Responses varied: Bosnian Serb authorities expressed selective acceptance while Bosnian Croat and Bosniak leaders offered conditional rejections or amendments; political leaders including Radovan Karadžić, Mate Boban, and Alija Izetbegović engaged with the text amid domestic pressures. International actors such as the United States, Russia, European Union, United Nations, and the Organisation for Security and Co-operation in Europe debated enforcement options. The United Nations Security Council deliberated resolutions referencing the plan alongside sanctions regimes involving the United Nations Security Council Sanctions Committees and measures linked to Slobodan Milošević’s policies. Ultimately, military developments, including operations by the Army of the Republic of Bosnia and Herzegovina and intervention dynamics involving NATO air operations and the Srebrenica massacre aftermath, influenced the shift toward the Dayton Agreement at Wright-Patterson Air Force Base.
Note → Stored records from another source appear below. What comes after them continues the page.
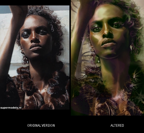 A dark-skinned, African woman who looks tough and serious. This could be used for almost any class, but the race is probably human. This is another portrait I made in response to the lack of variety for people who don't always want to play a white character. The photograph that I altered is a picture of the supermodel Yasmin Warsame. Please leave a comment if you like it or have any constructive criticism for me!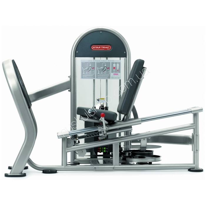 StarTracЖим ногами, икроножные Star Trac Instinct D1013Жим ногами, икроножные Star Trac Instinct D1013 легко поддаётся необходимым настройкам, а потому его можно легко подстроить под рост любого пользователя. Мягкое сидение со спинкой служит также и в качестве движущей платформы, за счёт которой возможно выполнение упражнений. Аппарат оснащён удобными ручками с мягким покрытием в виде грипс, которые одновременно служат и опорой и поддержкой, дабы облегчить возможность выполнения упражнений. Также представленное приспособление оснащено удобной опорной платформой, которая обладает удобным и не скользящим покрытием.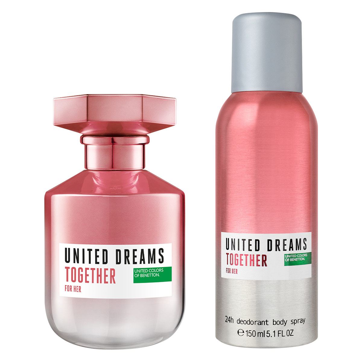 United Dreams Together for Her de Benetton la nueva fragancia personalizable de Benetton. Fragancia frutal mezcla de notas frutales con bergamota y un bouquet floral con magnolia, rosa y jazmín, combinado con vainilla y almizcle. Para personalizar, rocía tu fragancia en cuello y muñecas, aplica el booster AM para crear un aroma mas fresco y el booster PM para crear un aroma más intenso. Descubre United Dreams Together para ella, el perfume femenino de la máxima expresión del amor: un fresco beso

Historians and analysts from institutions like the International Criminal Tribunal for the former Yugoslavia, the Carnegie Endowment for International Peace, the International Crisis Group, and universities including Oxford University, Harvard University, and Yale University have debated the plan’s legal, moral, and practical dimensions. Commentators such as Ralph M. Sami, Noam Chomsky, and scholars publishing in journals tied to Cambridge University Press and Oxford University Press have contrasted the plan with alternatives like the Carrington–Cutileiro plan and assessed its impact on subsequent arrangements embodied in the Dayton Peace Accords and the postwar institutions of Bosnia and Herzegovina including the Office of the High Representative and the Constitution of Bosnia and Herzegovina. The plan remains a focal point in discussions of partition as a conflict resolution method, comparisons made with resolutions in Cyprus, Sudan, Iraq, and Kosovo, and evaluations by legal scholars examining minority protections, ethnic cleansing adjudications at the ICTY, and the evolution of international humanitarian law.